The Pb isotope data are presented in bivariant diagrams, ²⁰⁶Pb/²⁰⁴Pb versus ²⁰⁷Pb/²⁰⁴Pb and ²⁰⁶Pb/²⁰⁴Pb versus ²⁰⁸Pb/²⁰⁴Pb (Fig. 1). The data demonstrate that there is significant variation in the lead source used in the 17th century to produce lead white, but there is no visible systematic distinction between samples produced by specific artists. Figure 1 (A and B) shows four points that are visibly distinct from the rest of the samples. These four samples failed the Grubb’s test, used to detect outliers, and therefore, they are considered outliers. The test was applied assuming a normal distribution of lead isotope ratios as the asymmetry, and kurtosis of the dataset was calculated to be less than 2. The four samples have at least one outlier for ²⁰⁶Pb/²⁰⁴Pb or ²⁰⁸Pb/²⁰⁴Pb ratio (more detailed explanation can be found in the “Outliers” section).

Fig. 1. Lead isotope ratios.

Three lead isotope figures reporting (A) ²⁰⁷Pb/²⁰⁴Pb versus ²⁰⁶Pb/²⁰⁴Pb and (B) ²⁰⁸Pb/²⁰⁴Pb versus ²⁰⁶Pb/²⁰⁴Pb for the studied lead white samples from this work by artist. The cross in the top left indicates the long-term reproducibility of the method.

Lead isotope ratios versus time

The advantage of examining Pb isotope data on bivariant isotope ratio diagrams is that any mixing between two lead sources results in a straight line relationship. The disadvantage is that each diagram omits several degrees of freedom, recorded by time-integrated decay of the three parent-daughter isotope systems (U^{235, 238}/Pb and Th²³²/Pb). Moreover, comparison of lead isotope ratios against time is more difficult, as only one isotopic ratio can be studied.
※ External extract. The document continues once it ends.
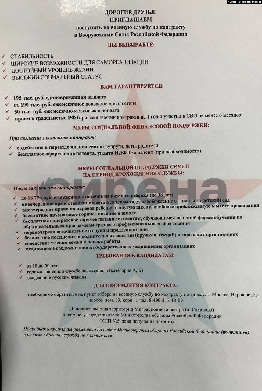 Орус аскеринде кызмат өтөөнү каалагандарга айына 190 миң рубль, балдарына жөлөк пул, бала бакчага жана мектепке орноштуруу, мектепте эки маал бекер тамактануу, мамлекеттик мекемелерде бекер дарылануу жана үй-бүлө мүчөлөрүн жумуш орун менен камсыздоо сунушталат.

Therefore, to include information from all the independent Pb isotope variables simultaneously and allow easy consideration of isotopic variations with time, the lead isotope ratios were treated following a method described by Keisch and Callahan (5). This approach computes a single value from all the ^20xPb/²⁰⁴Pb isotope ratios in the lead isotope ratio index (LIRI; see Materials and Methods and the Supplementary Materials). Although undoubtedly a simplification of the entire variation of the data, LIRI contains the main information recorded by all the isotope ratios, and values can be plotted against time (Fig. 2). The LIRI data show two main data clusters, 1588–1642 and 1648–1680, with a transition in the period 1642–1647. More details of the statistical significance of the differences between these two clusters is discussed in Materials and Methods. These time periods are indicated by three boxes in Fig. 2. Only three samples, already identified as potential outlier, fall outside the three main groupings identified in the period 1588–1680.

Fig. 2. LIRI values against time.

For the studied lead white, samples were divided in three clusters that cover the time periods 1588–1642, 1642–1647, and 1647–1680. The periods 1588–1642 and 1647–1680 record limited isotopic variation, indicating relatively stable lead supplies. Period 1642–1647 represents a transition of lead isotope ratios of lead white. The data include the results obtained for Frans Hals paintings (Hals F. bis) from Tummers et al. (29). The error on the LIRI is smaller than the marker.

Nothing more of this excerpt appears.